By Brian Fagan
Bloomsbury Press, $28.00, 313 pages, 4 stars
This is a fascinating book about how early civilizations developed on the banks of seas, rivers and oceans. The author points out that “deliberate seafaring” began more than 50,000 years ago. Farming began much later so the sea was an important source of food and other necessary items. Author Brian Fagan does a terrific job of piecing together snippets of known history to reconstruct what early water going crafts may have looked like. Starting with the Polynesian Islanders, the book travels west to the Mediterranean civilizations, then on to the North Sea waters between England and northern Europe and across to the western coast of North America, ending with the Mayan culture in Central America.
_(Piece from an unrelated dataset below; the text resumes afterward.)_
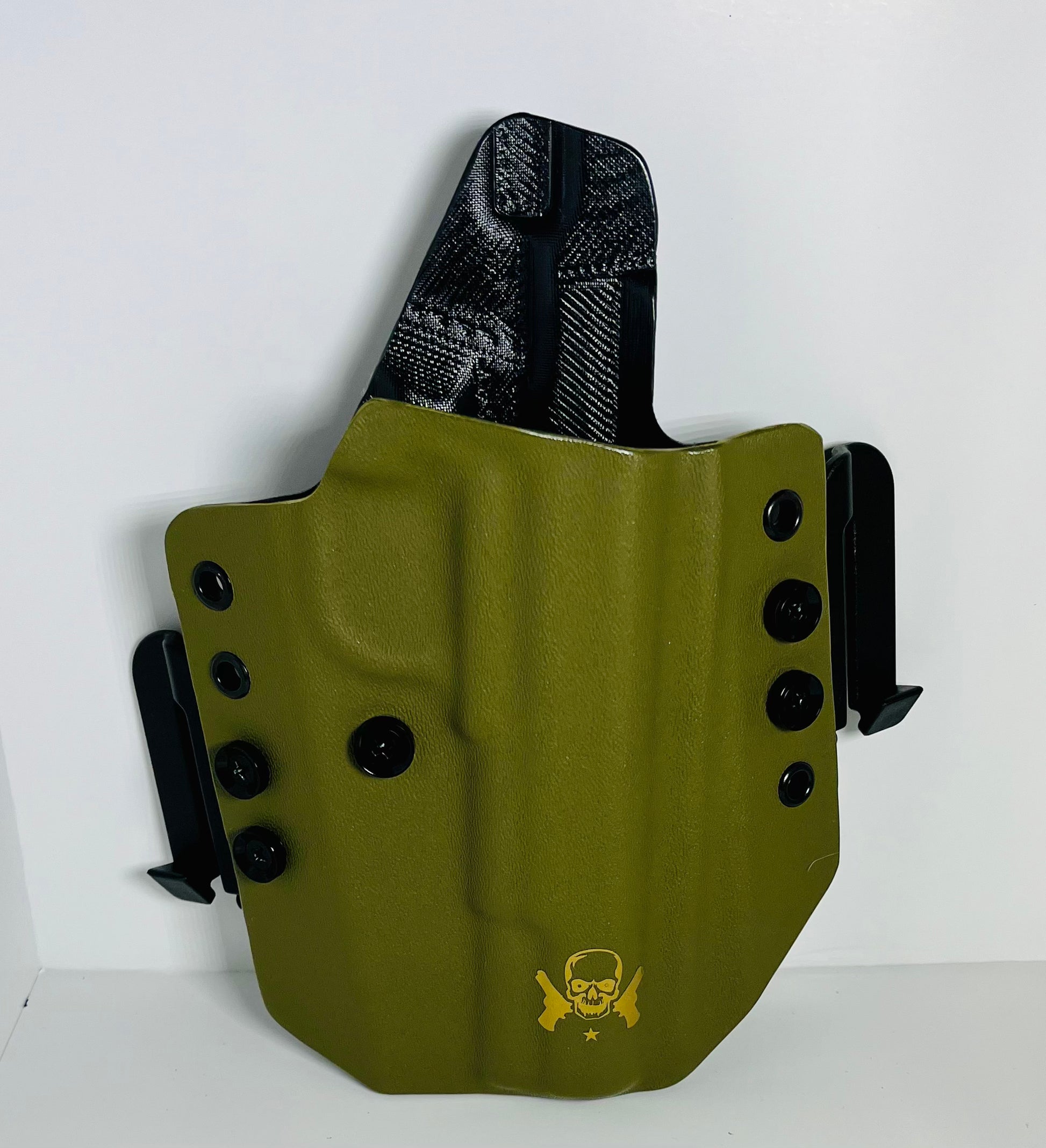 The Guardian OWB holster delivers professional-grade retention and accessibility for serious shooters. Engineered with precision molding to fit your specific firearm, this outside-the-waistband design offers rapid draw capability while maintaining secure weapon retention. The durable construction withstands rigorous training and daily carry demands. Adjustable cant and ride height allow customization for your preferred shooting position. Whether you're at the range or in the field, The Guardian provides the reliability and performance tactical professionals depend on.

One of the most ingenious boat designs came from the Aleuts who inhabited the Alaskan coastline. To survive on the forbidding waters of the ocean, special watercraft needed to be developed. Aleut women sewed outer garments consisting of the intestines of sea lions that were tightly lashed around the heads and wrists. In addition, parkas made from 30 to 40 cormorant skins were sewn into a single garment. This outerwear was then secured around the kayak’s opening and the paddler to make a single waterproof unit. This book shows in great depth the ability of early civilizations to adapt to the watery world around them. This is a part of history that is largely unfamiliar and those who enjoy exploring the past will thoroughly enjoy this book.
“Much of the southern North Sea was a low-lying maze of marshes and wetlands long after the Ice Age.”